§ Activity:
Copy all entries exactly, and wherever an entry holds a picture, leave that picture out.

**** Records shown ****

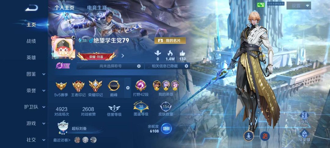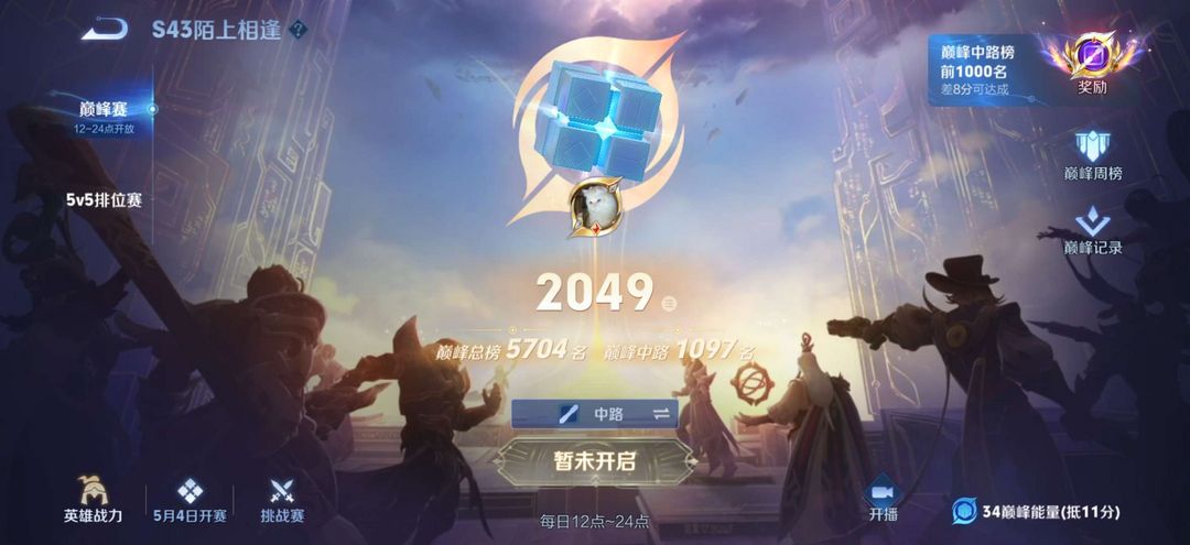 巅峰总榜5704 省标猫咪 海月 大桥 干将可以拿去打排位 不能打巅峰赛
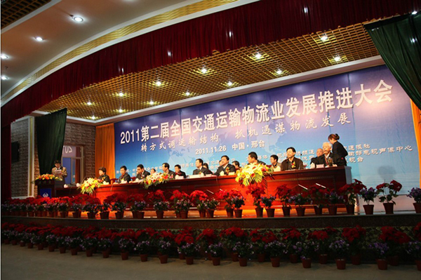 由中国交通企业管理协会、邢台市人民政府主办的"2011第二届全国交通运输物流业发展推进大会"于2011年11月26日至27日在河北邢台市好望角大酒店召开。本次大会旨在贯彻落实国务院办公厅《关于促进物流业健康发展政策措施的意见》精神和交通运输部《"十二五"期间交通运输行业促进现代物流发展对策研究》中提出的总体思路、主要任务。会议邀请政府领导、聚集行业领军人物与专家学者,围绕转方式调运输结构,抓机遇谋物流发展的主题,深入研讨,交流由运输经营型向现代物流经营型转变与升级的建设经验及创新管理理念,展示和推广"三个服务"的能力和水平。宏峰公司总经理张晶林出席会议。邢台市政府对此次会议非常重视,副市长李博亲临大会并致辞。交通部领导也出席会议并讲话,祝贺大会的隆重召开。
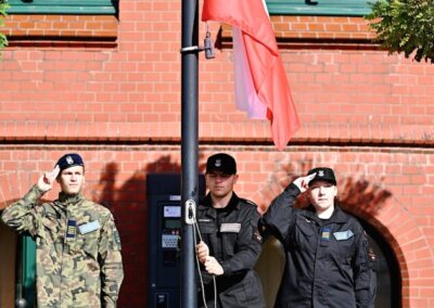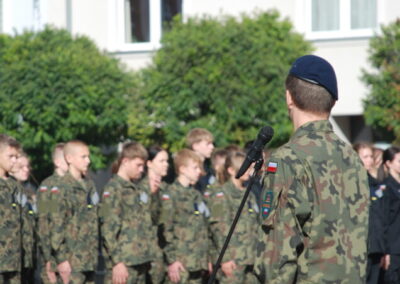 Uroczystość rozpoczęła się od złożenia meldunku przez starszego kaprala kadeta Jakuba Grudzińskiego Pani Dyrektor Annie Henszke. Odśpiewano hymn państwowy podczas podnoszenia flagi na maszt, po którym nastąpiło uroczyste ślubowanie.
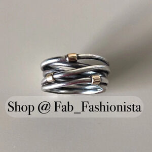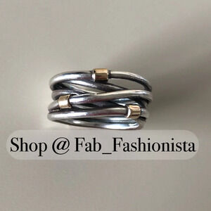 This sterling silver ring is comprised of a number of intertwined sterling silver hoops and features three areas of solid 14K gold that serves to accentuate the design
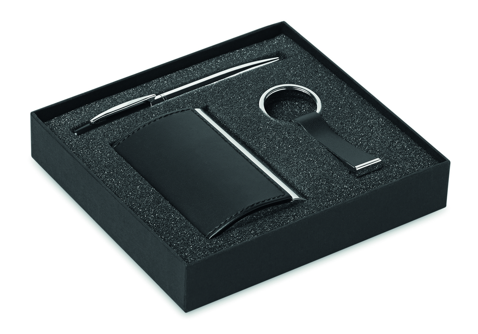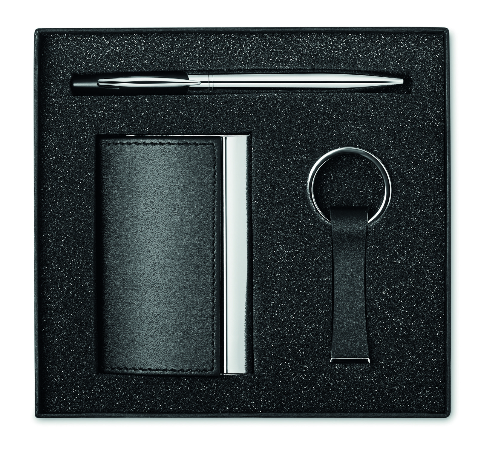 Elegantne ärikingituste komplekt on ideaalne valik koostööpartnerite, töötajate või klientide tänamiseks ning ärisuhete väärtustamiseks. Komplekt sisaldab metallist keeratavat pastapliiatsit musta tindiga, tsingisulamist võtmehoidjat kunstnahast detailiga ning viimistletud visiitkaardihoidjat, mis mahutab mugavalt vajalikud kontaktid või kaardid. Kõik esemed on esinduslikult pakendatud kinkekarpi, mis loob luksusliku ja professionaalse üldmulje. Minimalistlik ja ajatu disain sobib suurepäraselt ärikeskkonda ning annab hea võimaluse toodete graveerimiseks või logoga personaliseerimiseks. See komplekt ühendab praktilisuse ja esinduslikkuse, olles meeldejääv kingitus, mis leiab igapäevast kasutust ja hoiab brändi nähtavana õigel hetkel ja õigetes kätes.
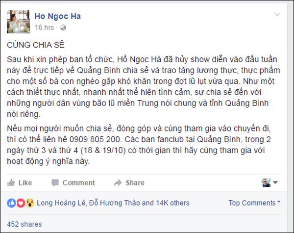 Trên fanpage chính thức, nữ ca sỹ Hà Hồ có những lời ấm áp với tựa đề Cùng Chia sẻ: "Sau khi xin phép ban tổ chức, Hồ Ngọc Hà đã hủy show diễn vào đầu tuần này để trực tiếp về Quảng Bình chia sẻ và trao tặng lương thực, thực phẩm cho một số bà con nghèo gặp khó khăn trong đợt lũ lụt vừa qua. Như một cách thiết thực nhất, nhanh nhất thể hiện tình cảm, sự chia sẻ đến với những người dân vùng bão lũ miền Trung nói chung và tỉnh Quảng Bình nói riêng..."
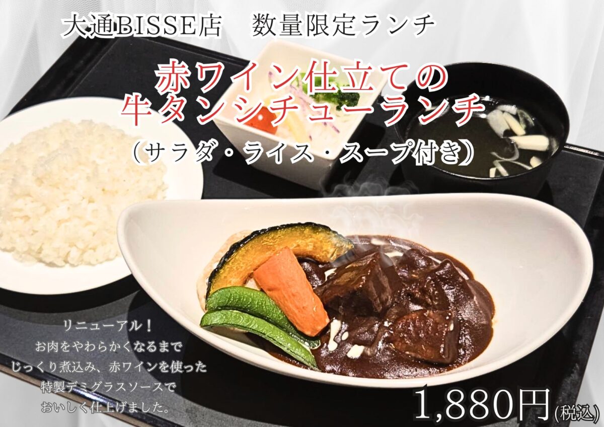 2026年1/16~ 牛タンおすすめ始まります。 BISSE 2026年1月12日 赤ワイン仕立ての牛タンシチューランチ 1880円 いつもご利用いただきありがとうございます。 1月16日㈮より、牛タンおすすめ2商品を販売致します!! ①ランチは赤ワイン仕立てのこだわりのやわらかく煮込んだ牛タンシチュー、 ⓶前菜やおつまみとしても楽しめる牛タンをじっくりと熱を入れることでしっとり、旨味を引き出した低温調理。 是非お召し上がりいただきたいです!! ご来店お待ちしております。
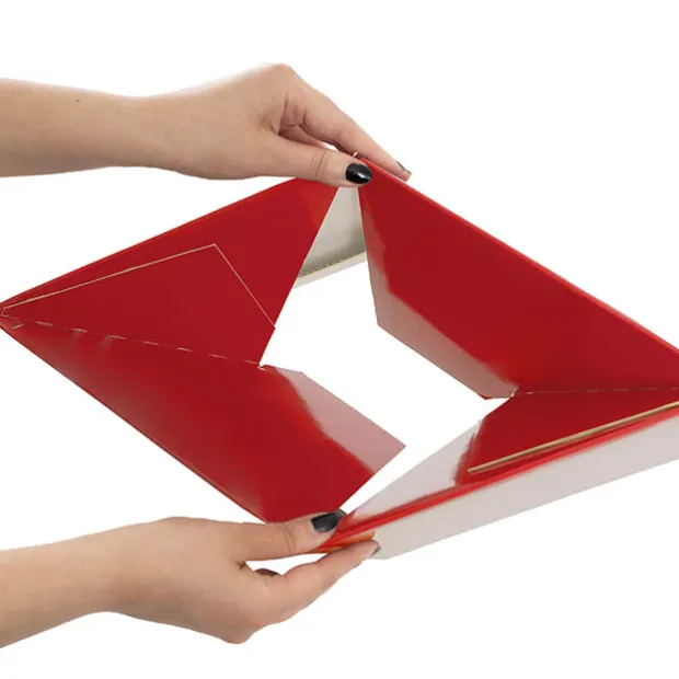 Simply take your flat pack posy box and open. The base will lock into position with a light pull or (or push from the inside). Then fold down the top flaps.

****

§ Problem solution:
 巅峰总榜5704 省标猫咪 海月 大桥 干将可以拿去打排位 不能打巅峰赛
 由中国交通企业管理协会、邢台市人民政府主办的"2011第二届全国交通运输物流业发展推进大会"于2011年11月26日至27日在河北邢台市好望角大酒店召开。本次大会旨在贯彻落实国务院办公厅《关于促进物流业健康发展政策措施的意见》精神和交通运输部《"十二五"期间交通运输行业促进现代物流发展对策研究》中提出的总体思路、主要任务。会议邀请政府领导、聚集行业领军人物与专家学者,围绕转方式调运输结构,抓机遇谋物流发展的主题,深入研讨,交流由运输经营型向现代物流经营型转变与升级的建设经验及创新管理理念,展示和推广"三个服务"的能力和水平。宏峰公司总经理张晶林出席会议。邢台市政府对此次会议非常重视,副市长李博亲临大会并致辞。交通部领导也出席会议并讲话,祝贺大会的隆重召开。
 Uroczystość rozpoczęła się od złożenia meldunku przez starszego kaprala kadeta Jakuba Grudzińskiego Pani Dyrektor Annie Henszke. Odśpiewano hymn państwowy podczas podnoszenia flagi na maszt, po którym nastąpiło uroczyste ślubowanie.
 This sterling silver ring is comprised of a number of intertwined sterling silver hoops and features three areas of solid 14K gold that serves to accentuate the design
 Elegantne ärikingituste komplekt on ideaalne valik koostööpartnerite, töötajate või klientide tänamiseks ning ärisuhete väärtustamiseks. Komplekt sisaldab metallist keeratavat pastapliiatsit musta tindiga, tsingisulamist võtmehoidjat kunstnahast detailiga ning viimistletud visiitkaardihoidjat, mis mahutab mugavalt vajalikud kontaktid või kaardid. Kõik esemed on esinduslikult pakendatud kinkekarpi, mis loob luksusliku ja professionaalse üldmulje. Minimalistlik ja ajatu disain sobib suurepäraselt ärikeskkonda ning annab hea võimaluse toodete graveerimiseks või logoga personaliseerimiseks. See komplekt ühendab praktilisuse ja esinduslikkuse, olles meeldejääv kingitus, mis leiab igapäevast kasutust ja hoiab brändi nähtavana õigel hetkel ja õigetes kätes.
 Trên fanpage chính thức, nữ ca sỹ Hà Hồ có những lời ấm áp với tựa đề Cùng Chia sẻ: "Sau khi xin phép ban tổ chức, Hồ Ngọc Hà đã hủy show diễn vào đầu tuần này để trực tiếp về Quảng Bình chia sẻ và trao tặng lương thực, thực phẩm cho một số bà con nghèo gặp khó khăn trong đợt lũ lụt vừa qua. Như một cách thiết thực nhất, nhanh nhất thể hiện tình cảm, sự chia sẻ đến với những người dân vùng bão lũ miền Trung nói chung và tỉnh Quảng Bình nói riêng..."
 2026年1/16~ 牛タンおすすめ始まります。 BISSE 2026年1月12日 赤ワイン仕立ての牛タンシチューランチ 1880円 いつもご利用いただきありがとうございます。 1月16日㈮より、牛タンおすすめ2商品を販売致します!! ①ランチは赤ワイン仕立てのこだわりのやわらかく煮込んだ牛タンシチュー、 ⓶前菜やおつまみとしても楽しめる牛タンをじっくりと熱を入れることでしっとり、旨味を引き出した低温調理。 是非お召し上がりいただきたいです!! ご来店お待ちしております。
 Simply take your flat pack posy box and open. The base will lock into position with a light pull or (or push from the inside). Then fold down the top flaps.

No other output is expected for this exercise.